Required parameters for an update

Parameter name Description
--name The name of the extension instance.
--cluster-name The name of the cluster on which the extension instance is created.
--resource-group The resource group that contains the cluster.
--cluster-type The cluster type on which the extension instance has to be created. For Azure Arc-enabled Kubernetes clusters, use connectedClusters. For AKS clusters, use managedClusters.

Optional parameters for an update

Parameter name Description
--auto-upgrade-minor-version A Boolean property that specifies whether the extension minor version is automatically upgraded. The default setting is true. If this parameter is set to true, you can't set the version parameter because the version is dynamically updated. If the parameter is set to false, the extension isn't automatically upgraded, even for patch versions.
--version The version of the extension to be installed (a specific version to pin the extension instance to). Must not be supplied if auto-upgrade-minor-version is set to true.
--configuration-settings Settings that can be passed into the extension to control its functionality. These settings are passed in as space-separated key=value pairs after the parameter name. If the parameter is used in the command, --configuration-settings-file can't be used in the same command. Only the settings that require an update need to be provided. The provided settings are replaced with the specified values.
--configuration-settings-file The path to a JSON file that contains key=value pairs to be used for passing in configuration settings to the extension. If this parameter is used in the command, you can't use --configuration-settings in the same command.
--configuration-protected-settings Settings that aren't retrievable by using GET API calls or az k8s-extension show commands. Typically used to pass in sensitive settings. These settings are passed in as space-separated key=value pairs after the parameter name. If this parameter is used in the command, the --configuration-protected-settings-file can't be used in the same command. When you update a protected setting, configure all protected settings. If any of the settings are omitted, those settings are considered obsolete, and they're deleted.
--configuration-protected-settings-file The path to a JSON file that contains key=value pairs to be used for passing in sensitive settings to the extension. If this parameter is used in the command, you can't use --configuration-protected-settings in the same command.
--scope The scope of installation for the extension. Use either cluster or namespace.
--release-train The author of an extension can publish versions in different release trains, such as Stable or Preview. If this parameter isn't set explicitly, Stable is the default.

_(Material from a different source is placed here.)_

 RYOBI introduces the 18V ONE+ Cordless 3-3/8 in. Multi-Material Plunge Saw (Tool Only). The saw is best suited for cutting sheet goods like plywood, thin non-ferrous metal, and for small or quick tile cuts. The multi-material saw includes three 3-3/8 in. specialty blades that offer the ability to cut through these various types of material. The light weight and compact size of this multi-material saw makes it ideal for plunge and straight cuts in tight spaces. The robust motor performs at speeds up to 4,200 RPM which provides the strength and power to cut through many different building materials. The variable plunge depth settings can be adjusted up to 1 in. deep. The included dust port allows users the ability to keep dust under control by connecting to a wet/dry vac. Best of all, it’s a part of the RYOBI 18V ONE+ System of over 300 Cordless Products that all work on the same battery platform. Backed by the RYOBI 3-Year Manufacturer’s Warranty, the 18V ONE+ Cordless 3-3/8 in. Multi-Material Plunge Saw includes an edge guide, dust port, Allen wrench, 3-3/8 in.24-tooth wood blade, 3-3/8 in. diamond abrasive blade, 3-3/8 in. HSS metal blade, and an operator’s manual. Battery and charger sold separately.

Upgrade an extension instance

As noted earlier, if you set auto-upgrade-minor-version to true, the extension is automatically upgraded when a new minor version is released. For most scenarios, we recommend that you enable automatic upgrades. If you set auto-upgrade-minor-version to false, you must upgrade the extension manually if you want a more recent version.

Manual upgrades also are required to get a new major instance of an extension. You can choose when to upgrade to avoid any unexpected breaking changes in major version upgrades.

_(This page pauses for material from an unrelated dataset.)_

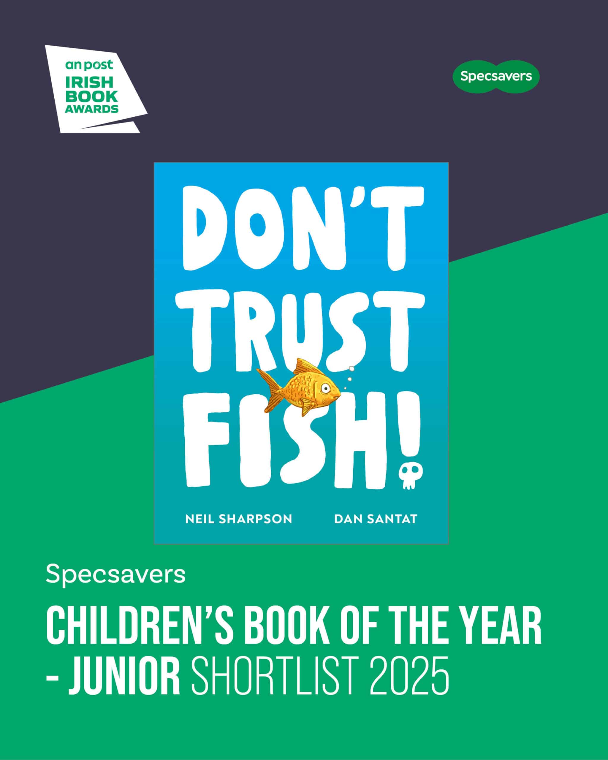 We are delighted to share the fin-tastic news that DON’T TRUST FISH! by Neil Sharpson, illustrated by Dan Santat, was shortlisted for Specsavers Children’s Book of the Year (Junior) as part of An Post Irish Book Awards 2025.

To manually upgrade an extension instance, use k8s-extension update and set the version parameter.

This example updates an zure Key Vault Secrets Provider instance to version x.y.z:

az k8s-extension update --cluster-name <clusterName> --resource-group <resourceGroupName> --cluster-type connectedClusters --name akvsecretsprovider --version x.y.z

Delete an extension instance

To delete an extension instance on a cluster, use the k8s-extension delete command. Use values from your scenario for the required parameter placeholders.

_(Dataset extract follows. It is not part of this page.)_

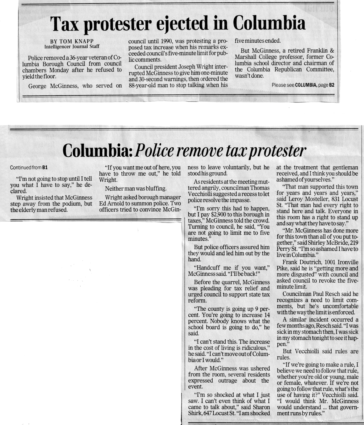16 years ago: Tax protester ejected from Columbia Borough Council Meeting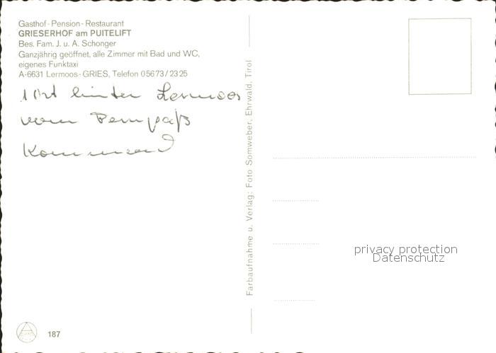 71986298 Lermoos Tirol Gasthof Grieserhof postalisch nicht gelaufen Erhaltung siehe scans KatCode: 11390331070821

az k8s-extension delete --name akvsecretsprovider --cluster-name <clusterName> --resource-group <resourceGroupName> --cluster-type connectedClusters

Note

The Azure resource that represents this extension is immediately deleted. The Helm release on the cluster that's associated with this extension is deleted only when the agents running on the Kubernetes cluster have network connectivity and can reach Azure services to get the desired state.